According to Bette Davis in her book "This N' That", the film was originally going to be shot in color. Bette opposed this, saying that it would just make a sad story look pretty.
In her book "This N' That", Bette Davis said she had a lot of control over how her makeup should be done for the film. She imagined the older Jane as someone who would never wash her face, just put on another layer of makeup. When her daughter, Barbara Merrill, first saw her in full "Jane" makeup, she said, "Oh, mother, this time you've gone too far".
The wig Bette Davis wears throughout the film had, unbeknownst to both leads, been worn by Joan Crawford in an earlier MGM movie. Because it had been re-groomed, Crawford didn't recognize it.
While touring the talk show circuit to promote the movie, Bette Davis told one interviewer that when she and Joan Crawford were first suggested for the leads in this film, Warner Bros. studio head Jack L. Warner replied: "I wouldn't give a plugged nickel for either one of those two old broads." Recalling the story, Davis laughed at her own expense. The following day, she reportedly received a telegram from Crawford: "In future, please do not refer to me as an old broad!"
Because she was then a member of the Pepsi-Cola board of directors, Joan Crawford managed to see that product placement shots of the soft drinks appeared in all of her later films. Although nearly imperceptible, Pepsi does show up in this one. During the last sequence, a guy runs up to the refreshment stand on the beach and tries to collect the deposit on some empty Pepsi bottles - a transaction that actually only happened in stores.

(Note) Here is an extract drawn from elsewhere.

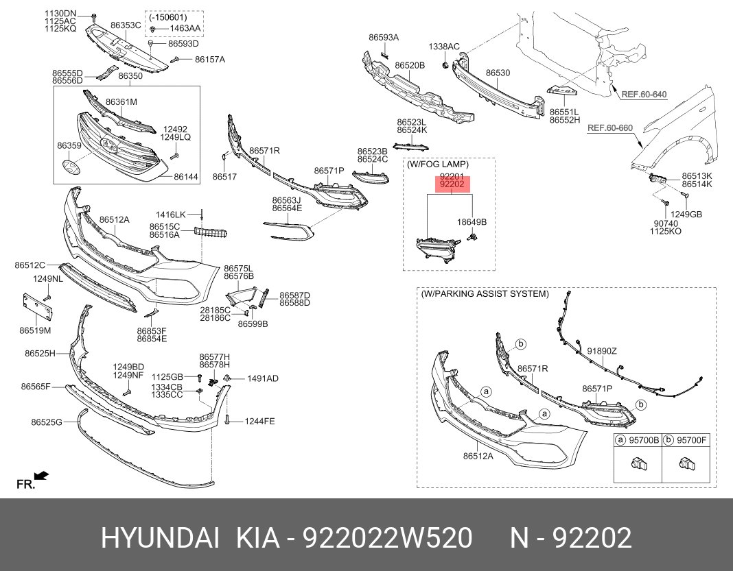 922022W520 HYUNDAI KIA Фара противотуманная HYUNDAI Santa Fe (15-) правая (A TYPE)

This film was a smash hit upon initial release, recouping its original budget in only 11 days, and eventually grossing $9 million. In adjusted 2013 dollars, this would be equivalent to $69,779,503.31.
Joan Crawford was an avid collector of Margaret and Walter Keane's "sad eyes" paintings and befriended the couple and tried to incorporate their work into her films. In the film, during the interior scenes of the neighbor's (Mrs. Bates) house, several Keene paintings can be seen displayed on the walls.
It takes a while for both leads to appear on screen, with Joan Crawford appearing first while watching her character's old picture. Bette Davis finally appears about a minute later, and by this point, it's nearly 20 minutes into the picture.
Baby Jane picks up her altered costumes from "Western Costumes" which is, in reality, one of the largest costume houses in Hollywood.
In scenes where Jane imitates Blanche's voice, the voice heard is actually Joan Crawford's voice, and not Bette Davis', as Bette could not master Joan's voice properly.
This film is considered by many as Joan Crawford's last important picture. After this film, Joan was typecast in some lesser horror pictures until her last picture Trog (1970) in 1970 and some TV appearances in 1971 and 1972.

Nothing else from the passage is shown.